**THE TASK**. Copy out every line of the material below, character for character, apart from the pictures.

**INPUT DATA**.

┄┄┄┄┄┄┄┄┄┄┄┄┄┄┄┄┄┄┄┄

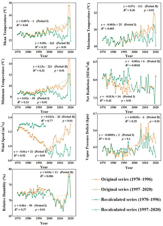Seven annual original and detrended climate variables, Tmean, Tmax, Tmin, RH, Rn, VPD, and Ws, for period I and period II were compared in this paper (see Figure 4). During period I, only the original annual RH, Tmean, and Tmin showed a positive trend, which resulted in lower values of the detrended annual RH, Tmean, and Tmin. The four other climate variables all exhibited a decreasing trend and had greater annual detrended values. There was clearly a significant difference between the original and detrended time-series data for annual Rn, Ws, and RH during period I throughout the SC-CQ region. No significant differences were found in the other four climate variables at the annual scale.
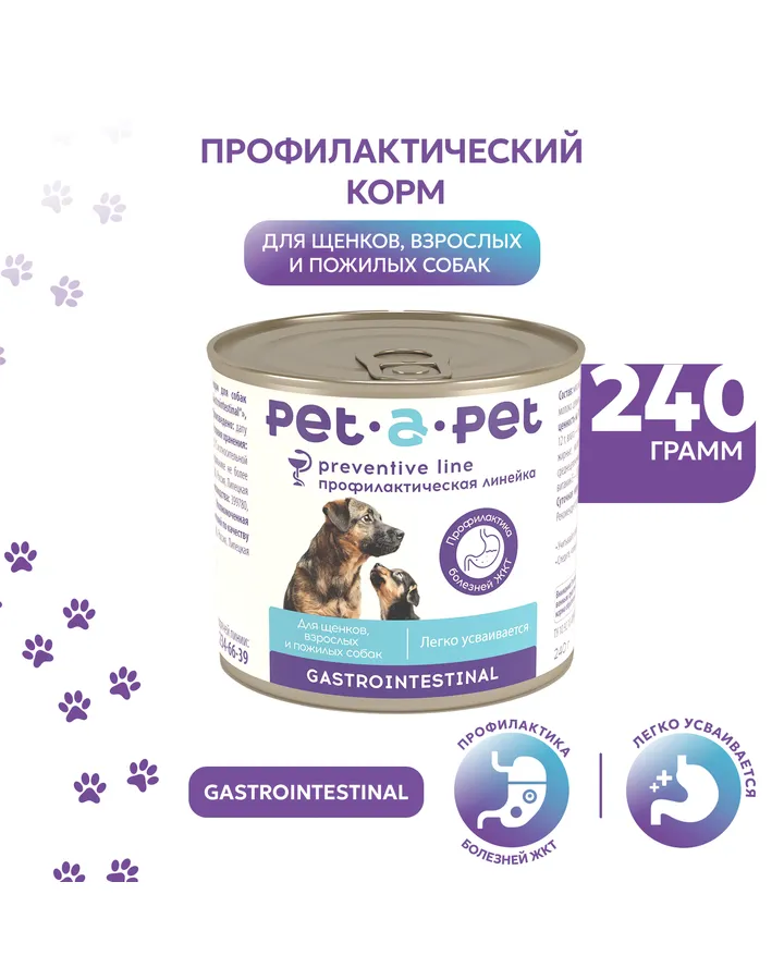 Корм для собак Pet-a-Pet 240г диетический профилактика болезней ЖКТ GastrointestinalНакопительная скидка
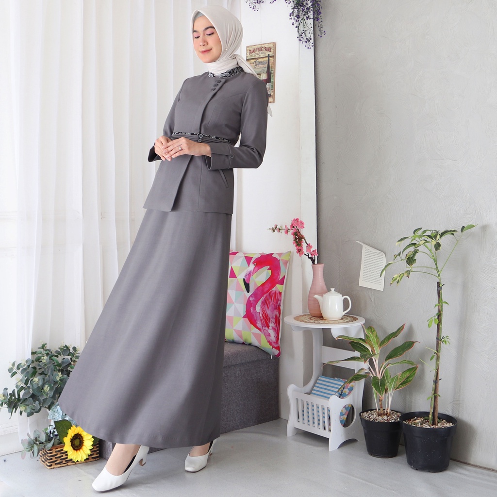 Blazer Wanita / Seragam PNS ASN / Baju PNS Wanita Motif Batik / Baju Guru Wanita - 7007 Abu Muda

┄┄┄┄┄┄┄┄┄┄┄┄┄┄┄┄┄┄┄┄

**EXPECTED ANSWER**.
Seven annual original and detrended climate variables, Tmean, Tmax, Tmin, RH, Rn, VPD, and Ws, for period I and period II were compared in this paper (see Figure 4). During period I, only the original annual RH, Tmean, and Tmin showed a positive trend, which resulted in lower values of the detrended annual RH, Tmean, and Tmin. The four other climate variables all exhibited a decreasing trend and had greater annual detrended values. There was clearly a significant difference between the original and detrended time-series data for annual Rn, Ws, and RH during period I throughout the SC-CQ region. No significant differences were found in the other four climate variables at the annual scale.
 Корм для собак Pet-a-Pet 240г диетический профилактика болезней ЖКТ GastrointestinalНакопительная скидка
 Blazer Wanita / Seragam PNS ASN / Baju PNS Wanita Motif Batik / Baju Guru Wanita - 7007 Abu Muda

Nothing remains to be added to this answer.